My first programming internship used VB6 (1998), and it was great at the time. My first real job was mainly Classic ASP (2001), and I didn’t have a problem with that either. We just got back a proposal from a consulting company to revamp one of our aging CD-ROM based products and my jaw hit the floor when he suggested VB6 as the platform of choice. You have got to be fraking kidding me. Microsoft came out with the final version of VB6 in 1998 and is ending extended support this year.
This says a bunch of things to me about this guy. Mainly though it’s that he’s too damn lazy to learn anything new. Now, I must say, I’m not thrilled about keeping up with the changes in .NET that seem to happen on a daily basis, but most of the time these changes are meant to address some deficiency and it’s usually a fairly transparent process documented from a .NET team member’s blog.

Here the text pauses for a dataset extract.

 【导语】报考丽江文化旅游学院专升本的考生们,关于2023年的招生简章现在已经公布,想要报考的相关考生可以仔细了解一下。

What irresponsibility for the poor clients of yours that don’t know any better! I really thought this is was an April fools joke, but no. Sadly, it was a real proposal. One thing that I did notice from this was that MS has been pretty consistent about standardizing the naming of their products to include the year of projected release date. Office XP was really 2002 but since then it’s been Office 2003, Office 2007. NT4 gave way to Windows Server 2000, Windows Server 2003 and now 2008. Visual Studio 2003, 2005, 2008. Imagine if VB6 was actually named VB 98? Would anyone actually still try to sneak it into their client’s projects?

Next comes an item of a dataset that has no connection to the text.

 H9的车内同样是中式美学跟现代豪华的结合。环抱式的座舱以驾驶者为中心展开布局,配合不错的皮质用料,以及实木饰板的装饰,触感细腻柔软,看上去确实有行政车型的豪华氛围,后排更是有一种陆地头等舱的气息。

HPC: “Yeah, so we’ve determined VB 98 is the best solution for rebuilding this product.”
Client: “You mean VB 2008 right?”
HPC: “Nope, 98! I’m a fraking moron!”
Who knows though. I’m still wary about moving anything in our organization to Vista and XP is starting to show it’s age. Maybe someone will think I’m this big of an idiot one day, but if I ever get this lazy, someone should revoke my computing license.